■ The input:
_ _ _ _
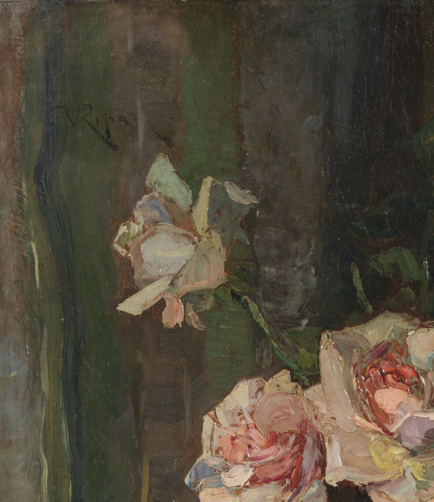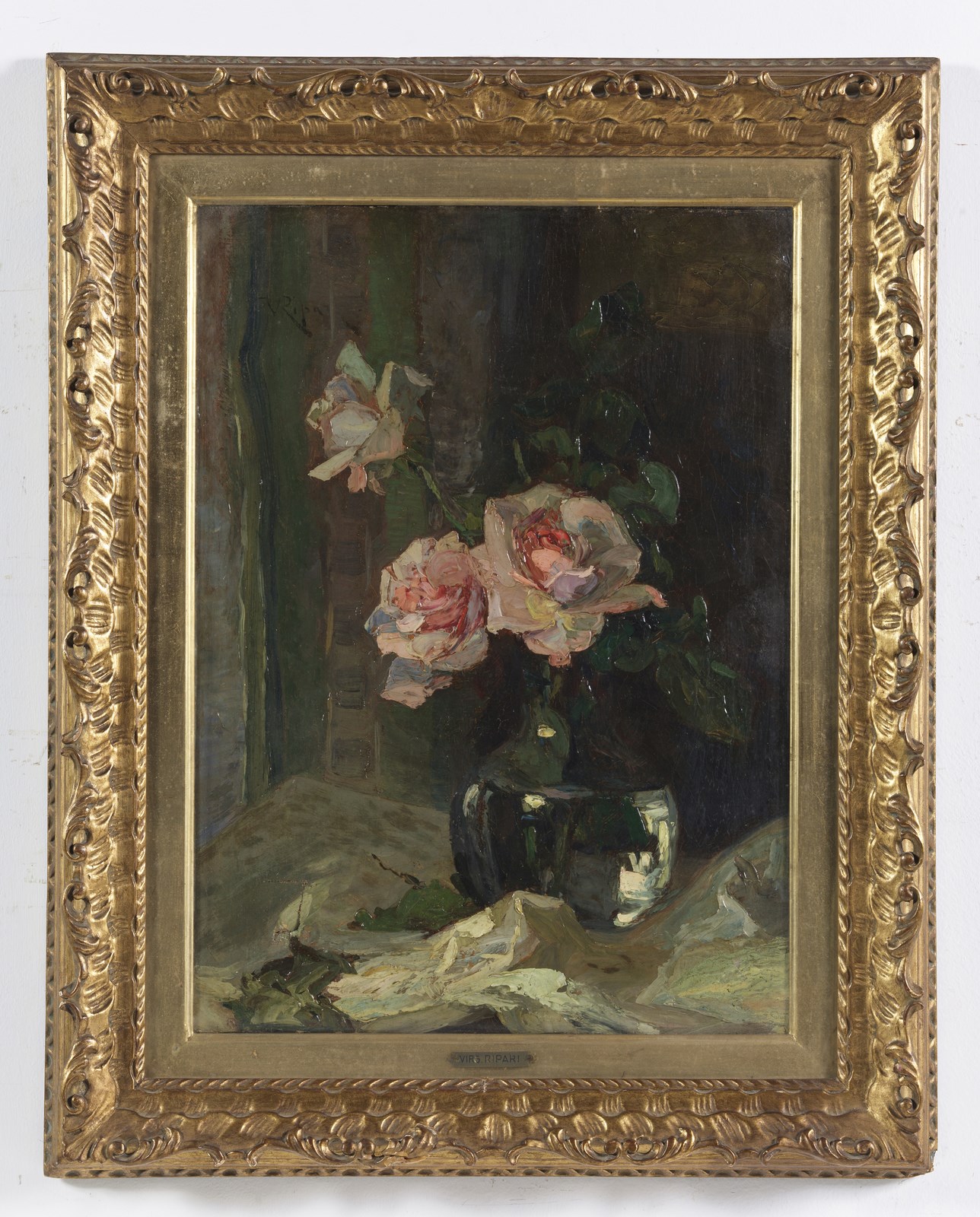 RIPARI VIRGILIO (1843 - 1902) Natura morta di fiori. . Olio su tela . Cm 40,00 x 55,00. Firmato in alto a sinistra.
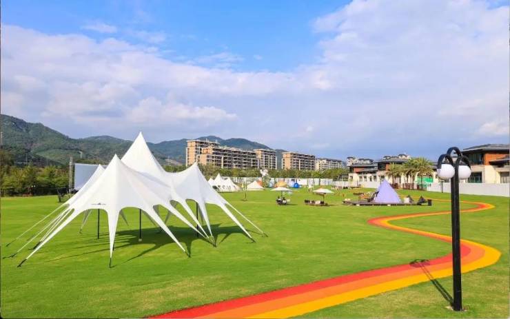 社区:约 2 万㎡地球村露营公园、520m 彩虹慢步道、共享农庄、泛会所、儿童游乐区。
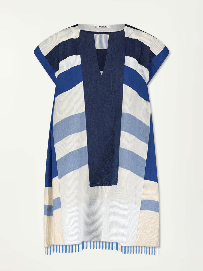 The Betami Azure Collection features a striking color-block combination of three shades of blue, paired with bands of neutral cream and white, inspired by handmade indigo quilting and African textiles.
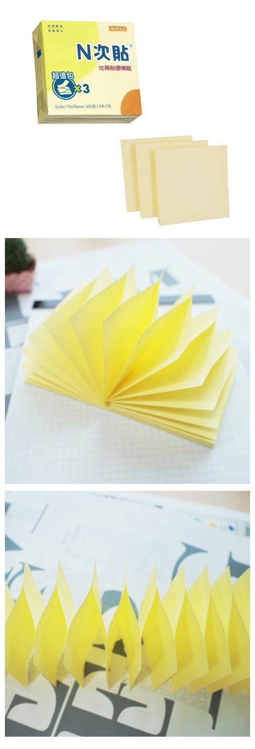◎品 名:N次貼 61007 超值包可再貼便條紙 3"x3"(76x76mm),黃◎單 位:300張/3本◎型 號:61007◎規 格:3"x3"(76x76mm)◎顏 色:黃◎特 色:抽取式補充包,最暢銷顏色,最實用款式,一本三包,經濟實惠,超值首選!
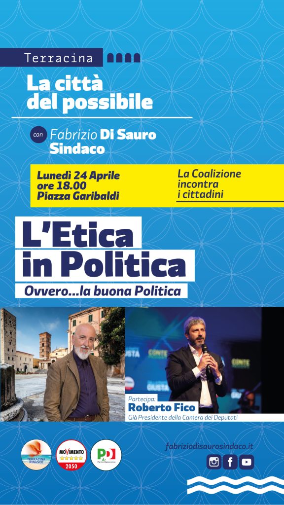 “La città del possibile”, la coalizione che sostiene il candidato sindaco di Terracina Fabrizio di Sauro ha organizzato per lunedì 24 aprile un incontro pubblico in piazza Garibaldi. Ci sarà anche Roberto Fico, ex presidente della Camera dei Deputati.
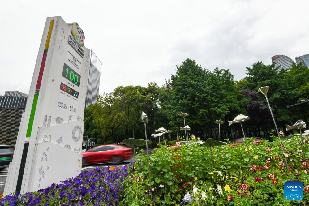 This photo taken on April 29, 2025 shows a countdown clock marking 100 days to go for the World Games 2025 in Chengdu, southwest China's Sichuan Province. The Games will be held in Chengdu from Aug. 7 to 17. (Xinhua/Wang Xi)
_ _ _ _
Return all the lines above exactly; none of the pictures should appear.

■ Solution to the problem:
 RIPARI VIRGILIO (1843 - 1902) Natura morta di fiori. . Olio su tela . Cm 40,00 x 55,00. Firmato in alto a sinistra.
 社区:约 2 万㎡地球村露营公园、520m 彩虹慢步道、共享农庄、泛会所、儿童游乐区。
 The Betami Azure Collection features a striking color-block combination of three shades of blue, paired with bands of neutral cream and white, inspired by handmade indigo quilting and African textiles.
◎品 名:N次貼 61007 超值包可再貼便條紙 3"x3"(76x76mm),黃◎單 位:300張/3本◎型 號:61007◎規 格:3"x3"(76x76mm)◎顏 色:黃◎特 色:抽取式補充包,最暢銷顏色,最實用款式,一本三包,經濟實惠,超值首選!
 “La città del possibile”, la coalizione che sostiene il candidato sindaco di Terracina Fabrizio di Sauro ha organizzato per lunedì 24 aprile un incontro pubblico in piazza Garibaldi. Ci sarà anche Roberto Fico, ex presidente della Camera dei Deputati.
 This photo taken on April 29, 2025 shows a countdown clock marking 100 days to go for the World Games 2025 in Chengdu, southwest China's Sichuan Province. The Games will be held in Chengdu from Aug. 7 to 17. (Xinhua/Wang Xi)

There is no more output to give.